When Our Support Group Gave Us the Gift We Wouldn’t Ask For
I’ve been wanting to write about this for almost two months, but the words never seem quite right.
It was exactly 34 hours after I stood in our kitchen and cried to my husband, Dave. I felt like no one understood our struggle. No one read our blog. No one cared about our daughter, Adelaide, or her future. They were not true words at all. It was just how I felt. And he let me cry before saying, “What if they don’t? What if no one does care about Adelaide? What if no one reads anything you write? It doesn’t matter. We love her. God loves her. That matters.”
He was right, and I knew it. I was sleep-deprived and experiencing what all special needs moms feel, even if they never admit to it.
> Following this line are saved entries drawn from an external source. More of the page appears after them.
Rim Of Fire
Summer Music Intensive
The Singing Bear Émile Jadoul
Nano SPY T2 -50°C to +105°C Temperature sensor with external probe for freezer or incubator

And I don’t really want to admit to it either, but I promised myself I would always be honest in my writing. These words will serve as reminders to me in the future. These posts may help someone else in the same situation. No one ever faces the exact same things we do because Adelaide is a human being with her own struggles and accomplishments. And we have yet to find another person with her unique blend of abilities and weaknesses. But me, I’m just like so many other moms. And I was being a crybaby in our kitchen.
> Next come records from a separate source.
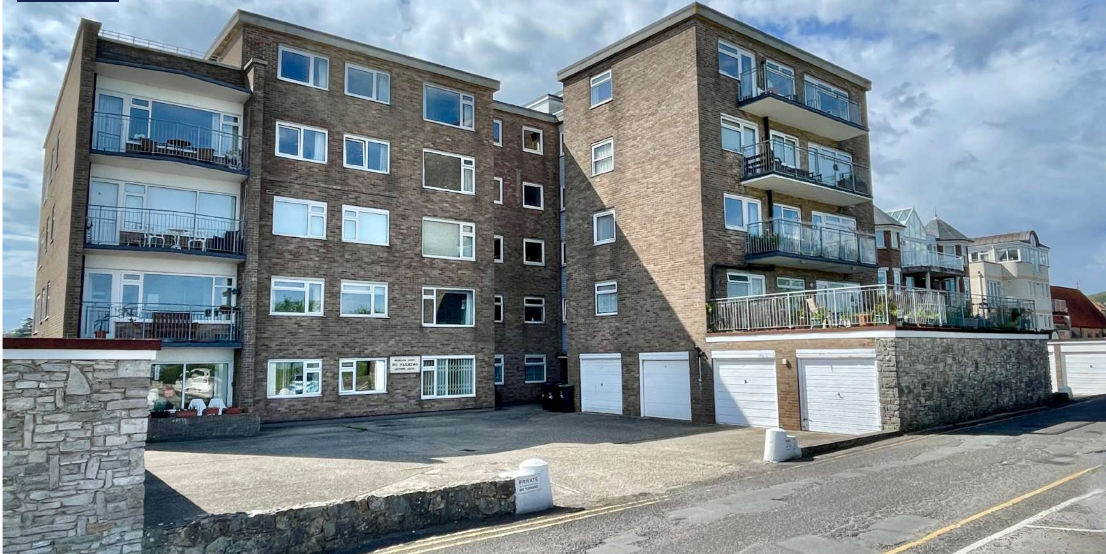
30 MOWLEM COURT, REMPSTONE ROAD, SWANAGE Guide £525,000 Shared Freehold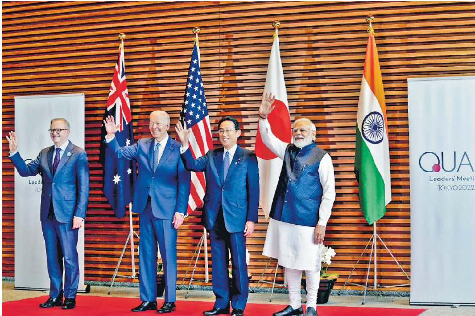
Leaders of Quadrilateral Security Dialogue (Quad) from left to right, Australian Prime Minister Anthony Albanese, US President Joe Biden, Japanese Prime Minister Fumio Kishida, and Indian Prime Minister Narendra Modi, pose for photo at the entrance hall of the Prime Minister's Office of Japan in Tokyo on May 24

The joint statement issued after the summit addressed the concerns emerging from the war in Ukraine. The statement underlined that the member countries “discussed respective responses to the conflict in Ukraine and the ongoing tragic humanitarian crisis and assessed its implica-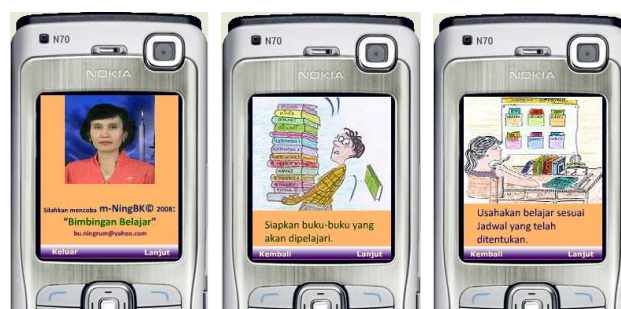
Fig. 2 Content services on the application of m-NingBK ©: "Learning Guidance"

ICT applications content that have been developed as shown by Table I.

Sunday morning, the class was passing a card of sympathy for a woman in our group who just lost her mother. That’s what I assumed; I thought nothing else of it until the card made its way to my friend and she didn’t hand it to me. She must have had a reason. No big deal. I figured I’d sign it during the fellowship time. At the end of class, she pullled out the card, and I saw my family’s names. I saw the word “UpSee.” I saw a dollar sign. I turned to Dave and whispered, “Oh crap. Our name is on it.” Yep. One of the most touching moments of my life. Some of my dearest friends were gifting us an Upsee — something that had been on the wish list for what felt like a century. And I whispered something so dumb. Because Dave and I aren’t good at accepting gifts. We never have been. We were awkward and didn’t know what to do. I took the card and everyone was saying the sweetest things and I just knew they were all thinking I would say something tender or eloquent or even half-intelligible. All I could do was cry. Conviction. That’s what I was thinking. Just two nights before I was saying that no one cared. And here these people had sacrificed — $500 from a dozen families. That is sacrifice. And I felt so wrong for even taking it. We have so many needs in our group. But I took the envelope filled with cash. They explained they were going to order the UpSee but couldn’t get the measurements right. They wanted to surprise us with the actual product but didn’t want to mess it up. I was still speechless and wondering how I was going to thank these people.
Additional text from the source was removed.